Turning to arterial roads, where we do have a large system of arterial highways that carry a significant share of traffic, my perception, having driven in New York, Boston, Los Angeles, San Francisco, Washington, D.C., Chicago, and elsewhere, is that ours may be the worst of the lot. The main reason is that we pretend our arterials are just neighborhood roads, where they are really alternatives to freeways, directly serving residential and job concentrations. Here are a few of the problems, some of which involve simple, low-cost changes in practice, others more expensive reconstruction (and political courage):

  • Parking is allowed right up to signals, so that potential turners hold up traffic in through lanes.
  • Non-enforcement of parking restrictions.
  • Delivery trucks have to use the middle of arterials for temporary parking.
  • Allowing parking to take precedence over traffic flow, especially in the city of Seattle. Former Mayor Paul Schell realized this but was beaten up for even mentioning it. The related issue is the conversion of four-lane roads to two lanes, again on the belief that these are just neighborhood roadways. Seattle's reduction of off-street parking requirements is also precisely the wrong, counter-productive course to take.
  • Intersections that simply have too much traffic, leading to long delays. The Seattle region suffers from a relative absence of grade-separated major intersections. Consider the disaster if we did not have Broad and Mercer streets going under Aurora Avenue North, or grade separation at North 40th Street and Aurora, and North 45th Street and Aurora. We have signals at 85th, 105th, 145th, and 175th. I suggest there are many more intersections, city and suburban, for which separation might be considered.

Finally, we come to the need for demand management.

The term demand management refers to carrot/stick or cost/benefit ways to limit traffic to sustainable flows on both freeways and arterials. The main tool is selective tolls - selective as to which sections of roads, and selective as to times of day or to differential charges by time of day, type of vehicle, etc. Congestion pricing refers to a charge which serves to prevent undue congestion through charging for driving in times or places where demand would otherwise be excessive.

Charging tolls is politically unpopular in the West, though a way of life for many East Coast cities. Congestion pricing has proven to be very popular in London and some other cities. Given the need for more money to build these improvements, tolls might soon be more politically palatable, since they have a double benefit: raising money for transportation and saving money by not having to build as much new road capacity.

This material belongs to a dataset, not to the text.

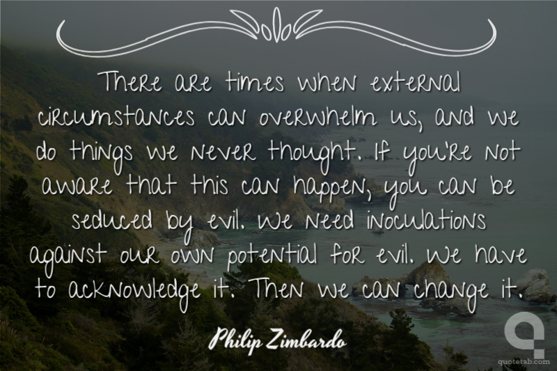 There are times when external circumstances can overwhelm us, and we do things we never thought. If you're not aware that this can happen, you can be seduced by evil. We need inoculations against our own potential for evil. We have to acknowledge it. Then we can change it.

The bottom line for any alternative package to Proposition 1 is to realize that urban transportation is expensive, and that driving our cars or taking transit will not be fun, but at least we should get as much product - that is, passenger miles - as possible for our investments and expenditures. OK, a train ride may seem sexier than a bus ride. But we simply have to consider the very high costs of vast new construction that reaches so few users. That sobering up leads, I hope, to admitting that we must begin to change our behavior.